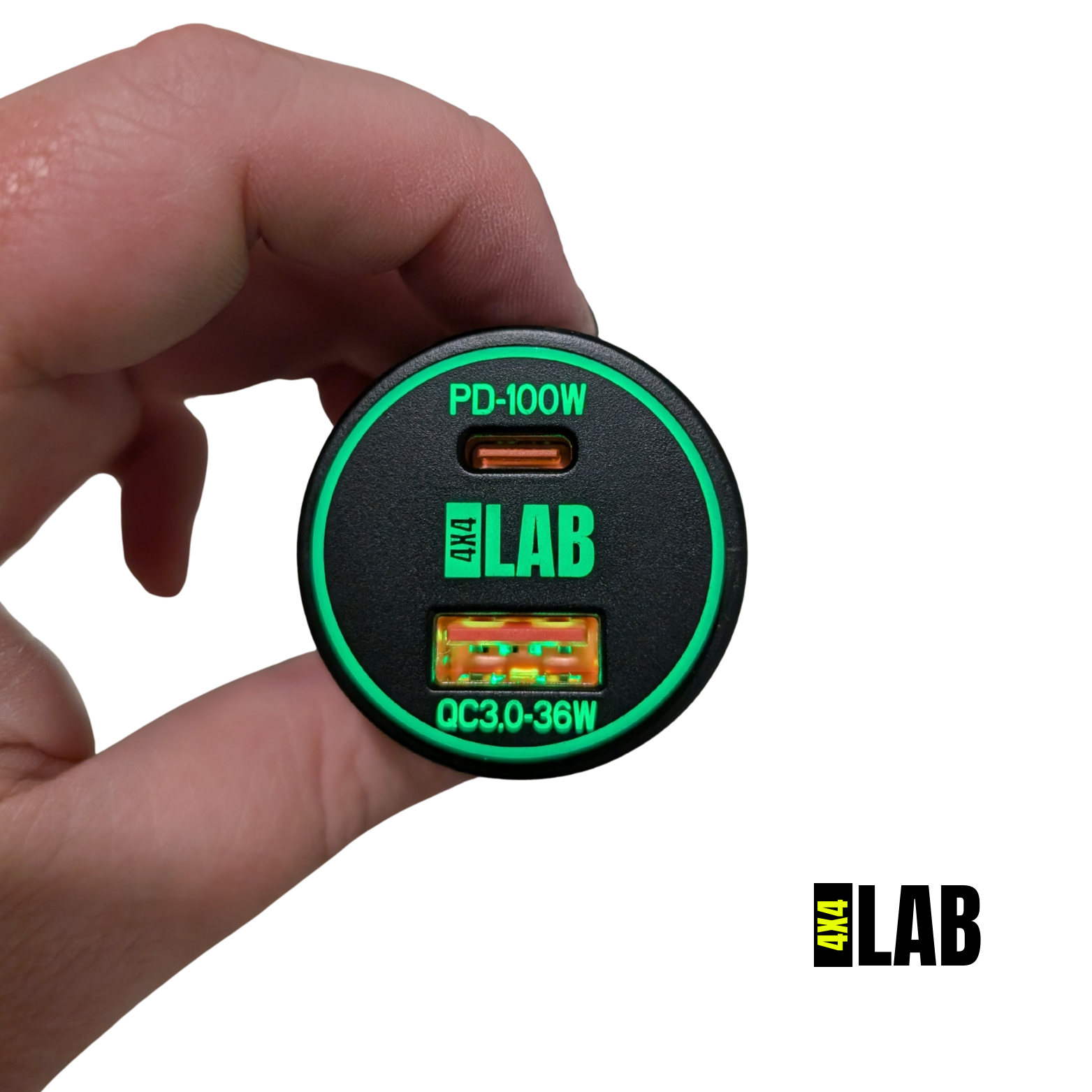4x4LAB 100W Dual USB Socket – USB-C PD + USB-A QC (Green Backlit)
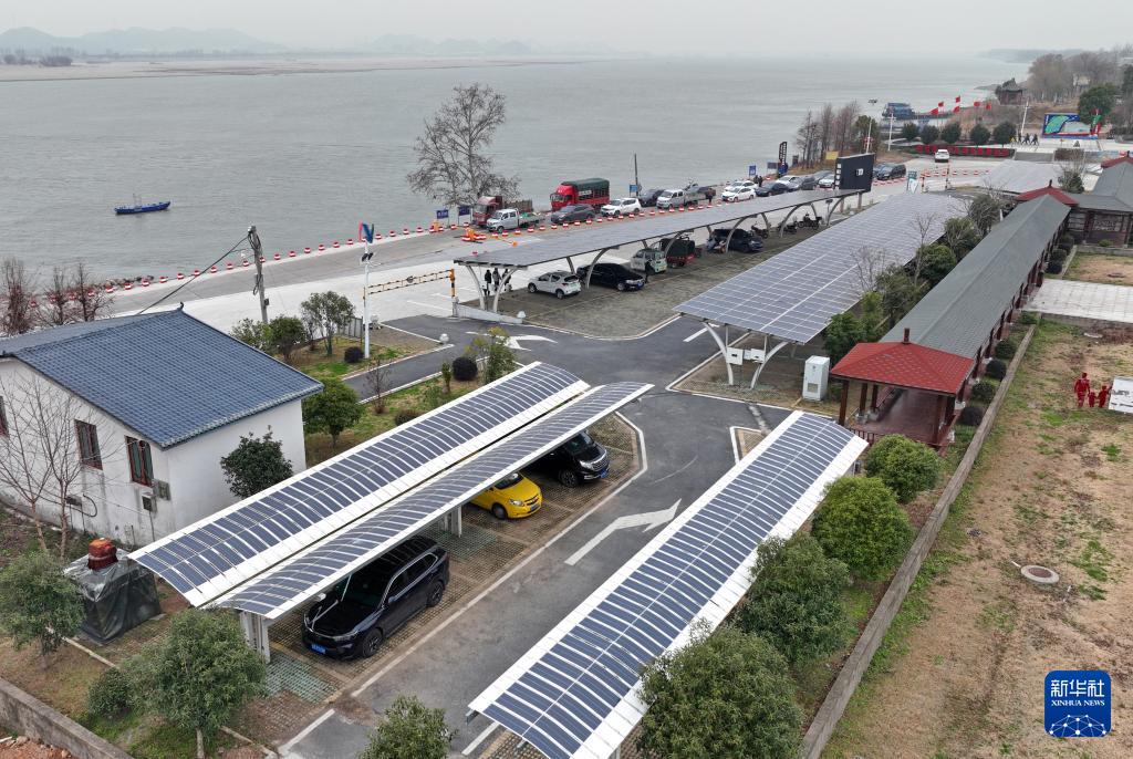 從長(zhǎng)江南岸的江西省九江市馬當(dāng)渡口乘船,十余分鐘即可抵達(dá)棉船島。碼頭停車場(chǎng)的光伏車棚泛著微光,既能為車輛遮風(fēng)擋雨,又能將太陽能轉(zhuǎn)化為清潔電能;遠(yuǎn)處,田間的幾臺(tái)風(fēng)機(jī)在江風(fēng)中緩緩轉(zhuǎn)動(dòng)。
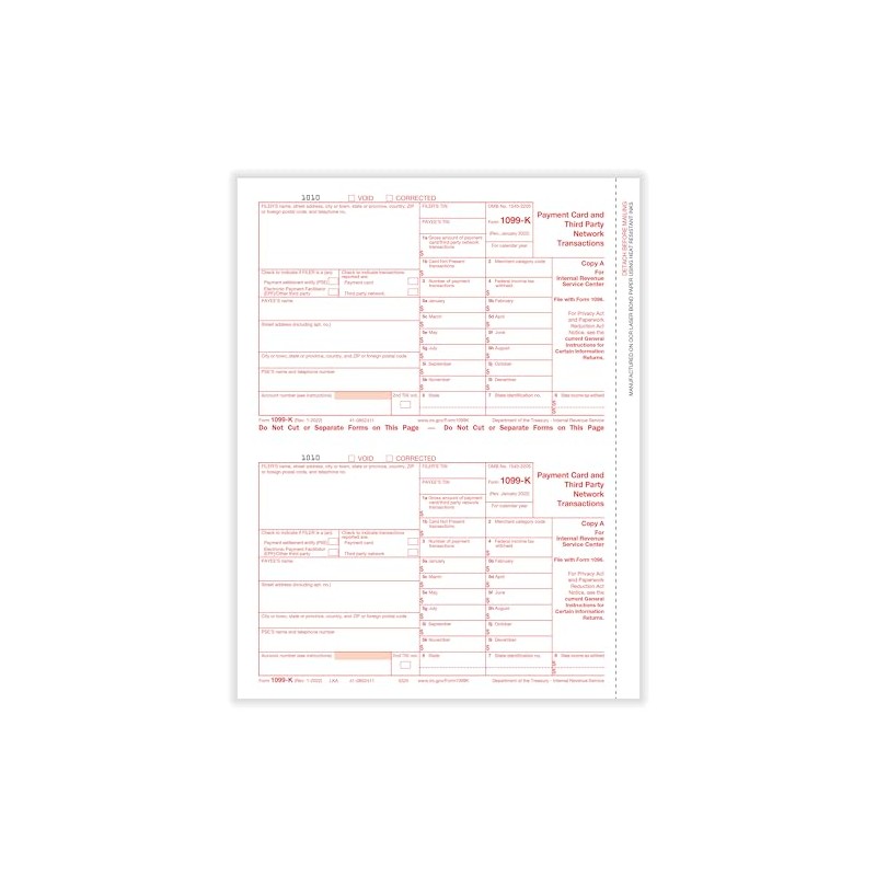 1099-K IRS Federal Copy A Tax Form, Pack of 100 Forms
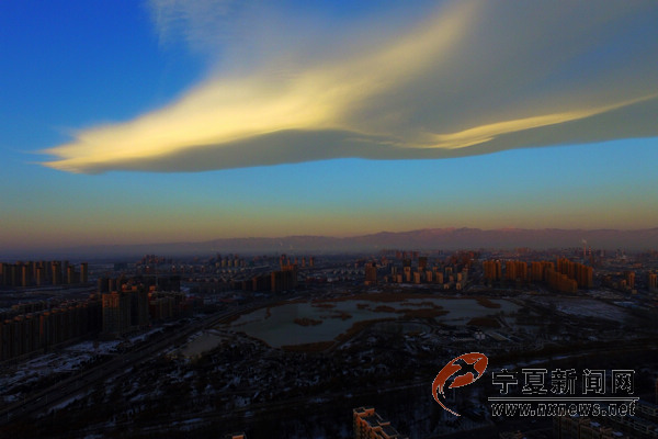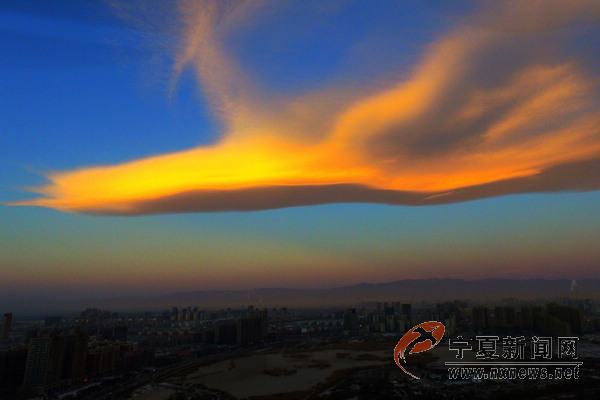 12月26日8時(shí)10分許,銀川上空出現(xiàn)奇云,宛如一只展翅飛翔的鳳凰浮于銀川西邊天空,伴著初升的朝陽(yáng)與巍峨的賀蘭山為伴,格外美麗。 寧夏新聞網(wǎng)記者 祁瀛濤 攝
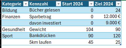 In unserem Beispiel haben wir 4 Kategorien, die 1-2 Ziele beinhalten. Diese werden in den Input Tabellen als Endwerte für 2024 hinterlegt.
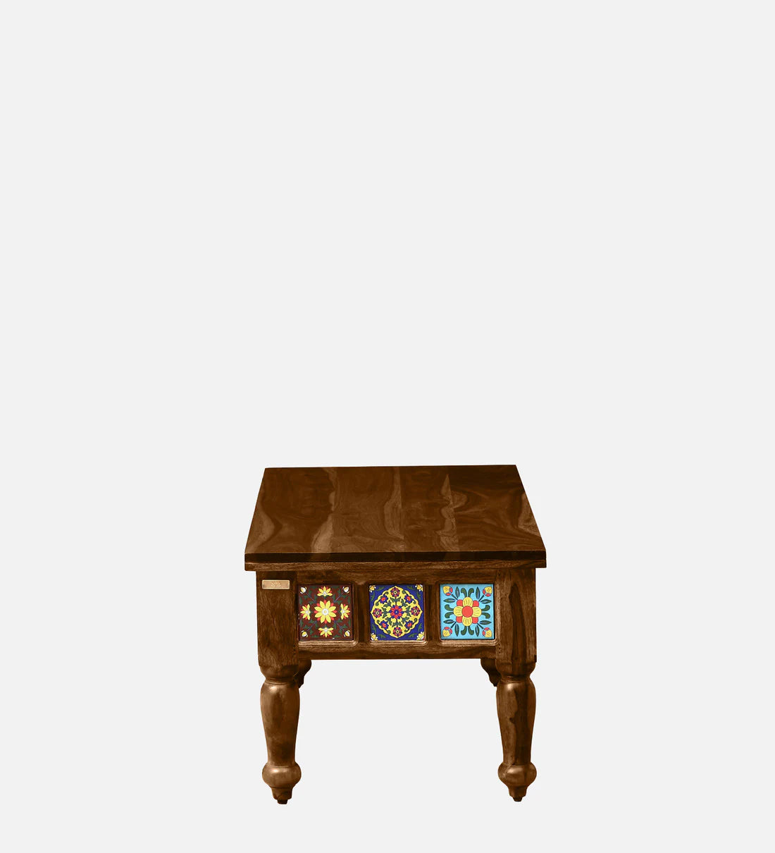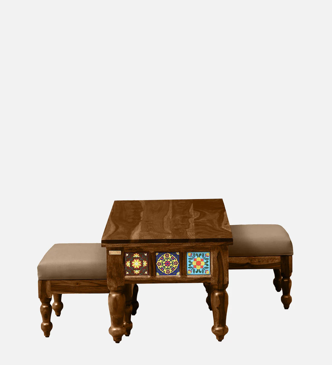 Shanti Surprise Sheesham Wood Nesting Coffee Table Set in Provincial Teak Finish With Cushioned Stools
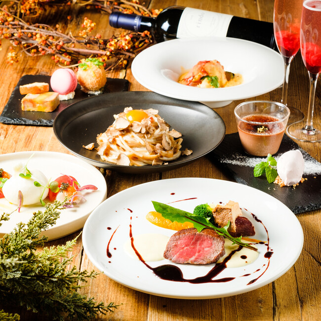 黒トリュフのかけすぎカルボナーラ 、平目のポワレ、黒毛和牛フィレ肉ローストなど全7品のクリスマスディナーコース
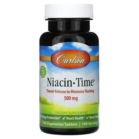 Carlson, Витамин B3 Ніацин, Niacin-Time 500 mg, 100 таблеток
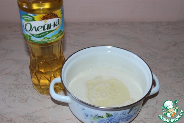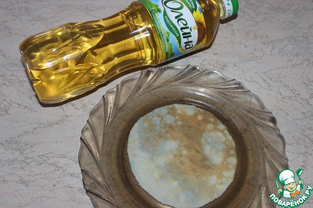 Молоко, яйца, соль, сахар смешиваем, взбиваем блендером, затем постепенно всыпая муку готовим жидкое блинное тесто. В конце добавляем немного растительного масла.
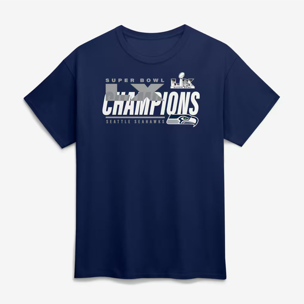Men's Seattle Seahawks College Navy Super Bowl LX Champions Iconic Victory T-Shirt
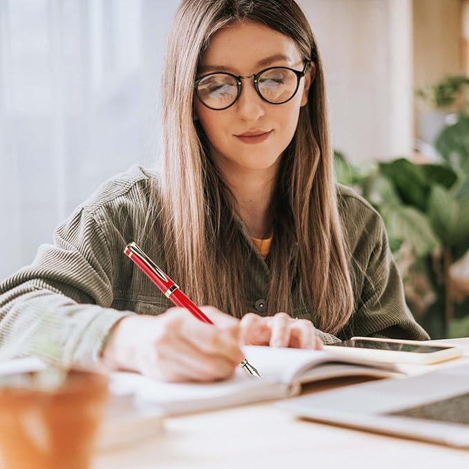 Cheericome Fountain Pen - Luxury Fountain pen set for Men & Women - Ink Pen for Smooth Writing - Fountain Pen Fine Nib,Includes 10 Ink Cartridges and Ink Refill Converter - Red
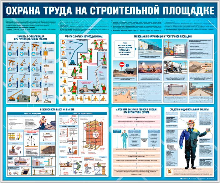 Стенд «Охрана труда на строительной площадке» (OT-40)направлен на обеспечение безопасности при выполнении строительных работ. Охватывает ключевые аспекты организации строительной площадки, безопасного выполнения работ на высоте и с использованием автоподъемников. Включает рекомендации по применению средств индивидуальной защиты, знаковой сигнализации при грузоподъемных работах и алгоритмы оказания первой помощи. Стенд помогает снизить риски травматизма, соблюсти нормы охраны труда и создать безопасные условия для работников.
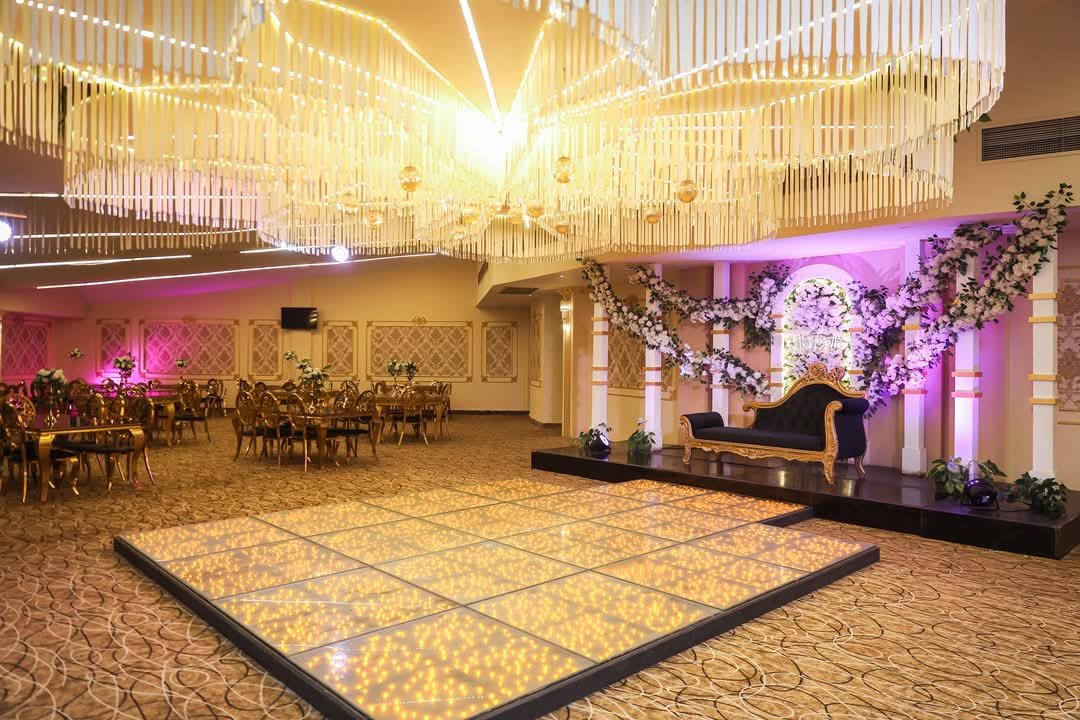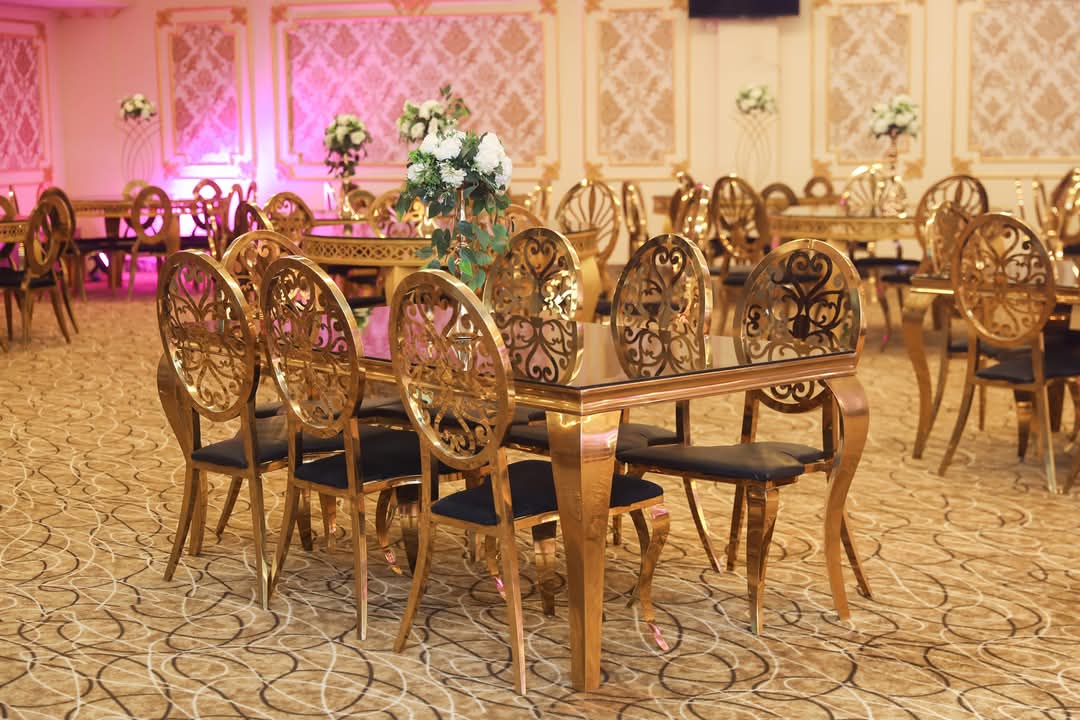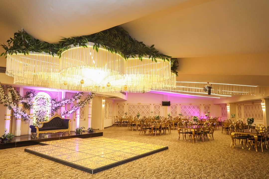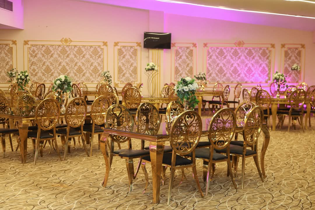 القاعة بتتميز بديكورات أنيقة ومساحات كبيرة بتناسب استضافة أعداد مختلفة من الضيوف مع توفير ترتيبات مرنة للطاولات والمقاعد حسب طبيعة الحدث
____________
Your instructions.
Would you return all the data exactly as given, minus the pictures?

Reply to the task.
4x4LAB 100W Dual USB Socket – USB-C PD + USB-A QC (Green Backlit)
 從長(zhǎng)江南岸的江西省九江市馬當(dāng)渡口乘船,十余分鐘即可抵達(dá)棉船島。碼頭停車場(chǎng)的光伏車棚泛著微光,既能為車輛遮風(fēng)擋雨,又能將太陽能轉(zhuǎn)化為清潔電能;遠(yuǎn)處,田間的幾臺(tái)風(fēng)機(jī)在江風(fēng)中緩緩轉(zhuǎn)動(dòng)。
 1099-K IRS Federal Copy A Tax Form, Pack of 100 Forms
 12月26日8時(shí)10分許,銀川上空出現(xiàn)奇云,宛如一只展翅飛翔的鳳凰浮于銀川西邊天空,伴著初升的朝陽(yáng)與巍峨的賀蘭山為伴,格外美麗。 寧夏新聞網(wǎng)記者 祁瀛濤 攝
 In unserem Beispiel haben wir 4 Kategorien, die 1-2 Ziele beinhalten. Diese werden in den Input Tabellen als Endwerte für 2024 hinterlegt.
 Shanti Surprise Sheesham Wood Nesting Coffee Table Set in Provincial Teak Finish With Cushioned Stools
 黒トリュフのかけすぎカルボナーラ 、平目のポワレ、黒毛和牛フィレ肉ローストなど全7品のクリスマスディナーコース
 Carlson, Витамин B3 Ніацин, Niacin-Time 500 mg, 100 таблеток
 Молоко, яйца, соль, сахар смешиваем, взбиваем блендером, затем постепенно всыпая муку готовим жидкое блинное тесто. В конце добавляем немного растительного масла.
Men's Seattle Seahawks College Navy Super Bowl LX Champions Iconic Victory T-Shirt
 Cheericome Fountain Pen - Luxury Fountain pen set for Men & Women - Ink Pen for Smooth Writing - Fountain Pen Fine Nib,Includes 10 Ink Cartridges and Ink Refill Converter - Red
 Стенд «Охрана труда на строительной площадке» (OT-40)направлен на обеспечение безопасности при выполнении строительных работ. Охватывает ключевые аспекты организации строительной площадки, безопасного выполнения работ на высоте и с использованием автоподъемников. Включает рекомендации по применению средств индивидуальной защиты, знаковой сигнализации при грузоподъемных работах и алгоритмы оказания первой помощи. Стенд помогает снизить риски травматизма, соблюсти нормы охраны труда и создать безопасные условия для работников.
 القاعة بتتميز بديكورات أنيقة ومساحات كبيرة بتناسب استضافة أعداد مختلفة من الضيوف مع توفير ترتيبات مرنة للطاولات والمقاعد حسب طبيعة الحدث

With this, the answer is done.